Records for processing:
--

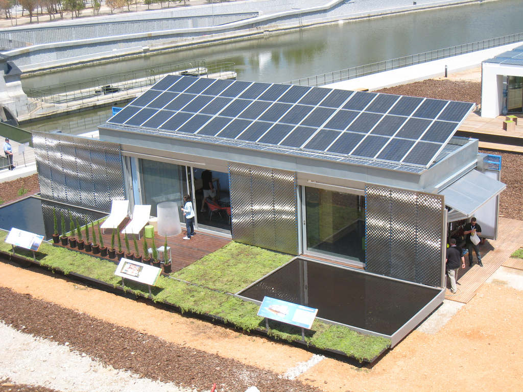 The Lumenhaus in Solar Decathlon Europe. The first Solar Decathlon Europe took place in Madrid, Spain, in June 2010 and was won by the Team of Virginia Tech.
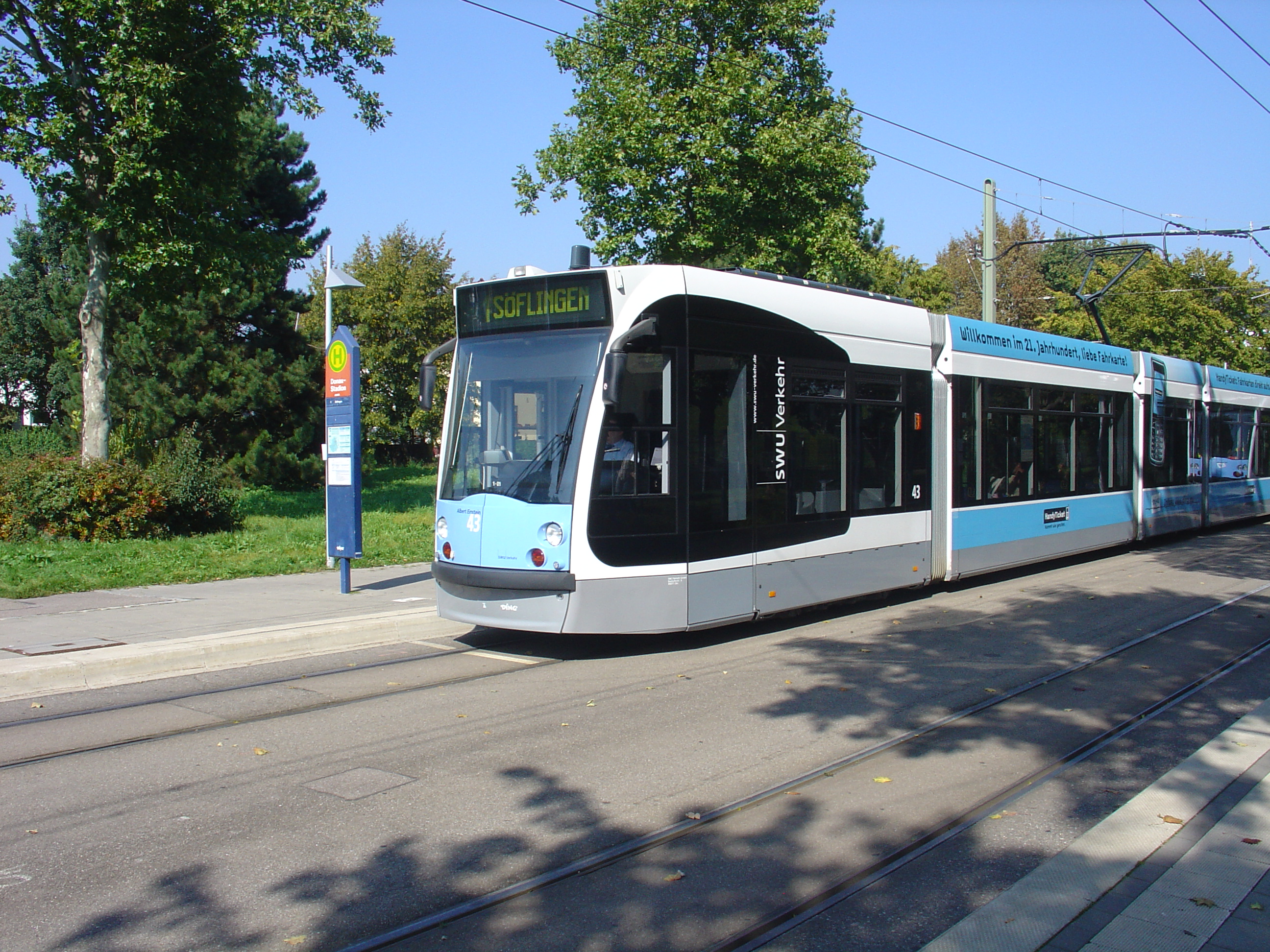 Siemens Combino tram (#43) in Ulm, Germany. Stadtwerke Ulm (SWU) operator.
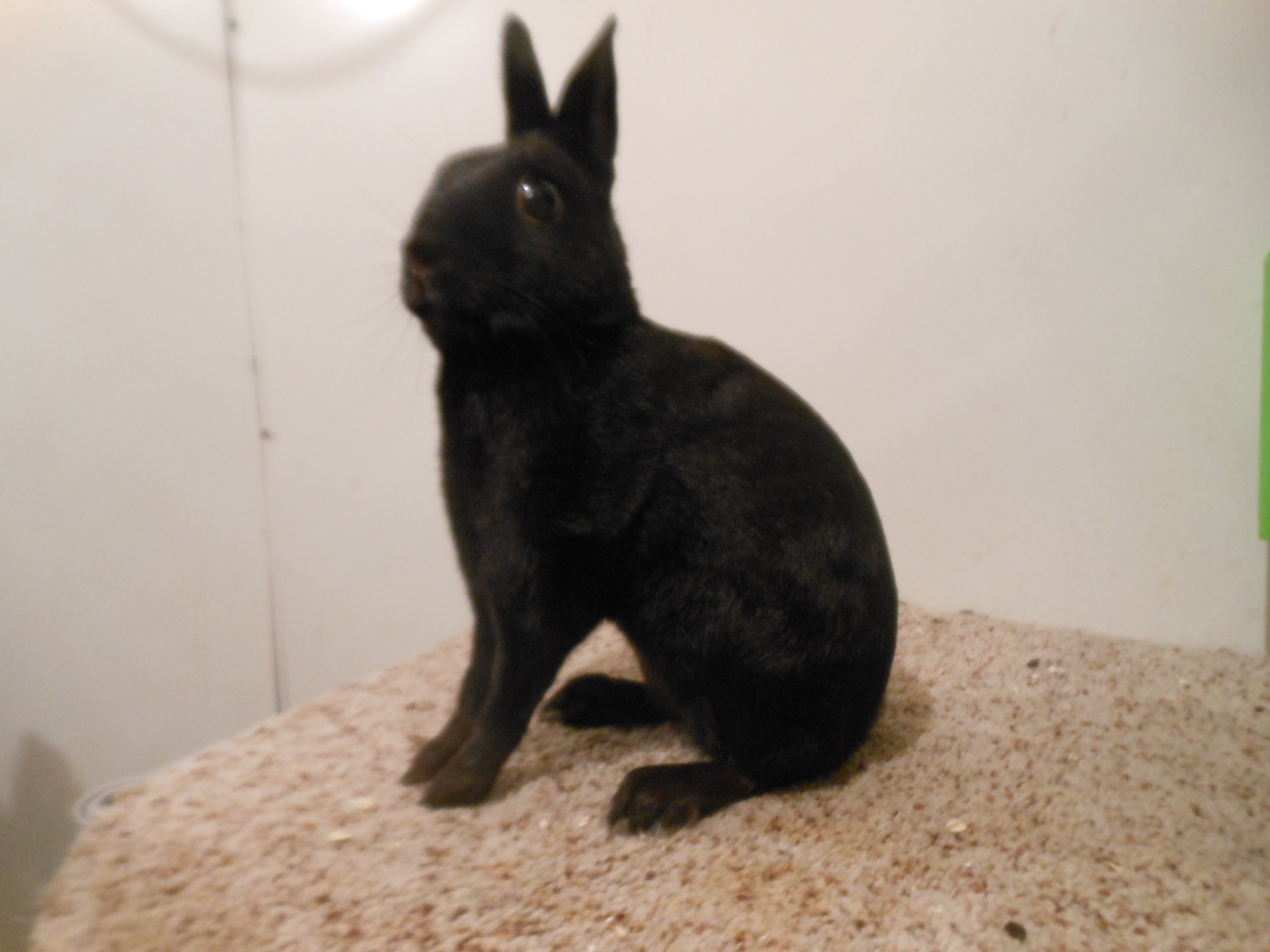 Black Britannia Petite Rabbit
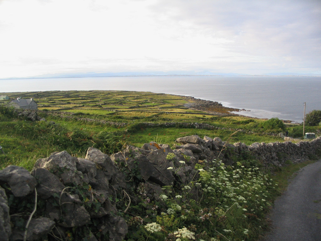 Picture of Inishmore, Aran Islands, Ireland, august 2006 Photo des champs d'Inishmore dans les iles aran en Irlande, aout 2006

--

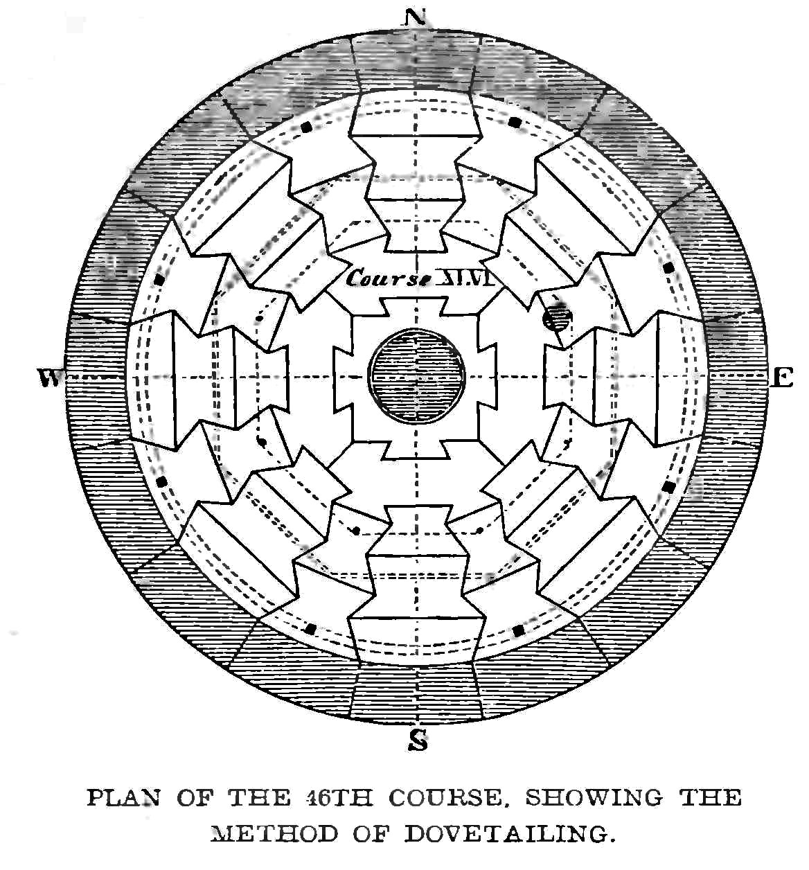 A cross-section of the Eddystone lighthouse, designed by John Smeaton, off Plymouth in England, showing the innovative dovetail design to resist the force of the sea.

--

Exercise directions:
Nothing outside the stretch above, from the line with "Black Britannia Petite Rabbit" through the line with "Picture of Inishmore, Aran", is set down. Transcribe that stretch exactly, ends included, but not its pictures.

Written response:
 Black Britannia Petite Rabbit
 Picture of Inishmore, Aran Islands, Ireland, august 2006 Photo des champs d'Inishmore dans les iles aran en Irlande, aout 2006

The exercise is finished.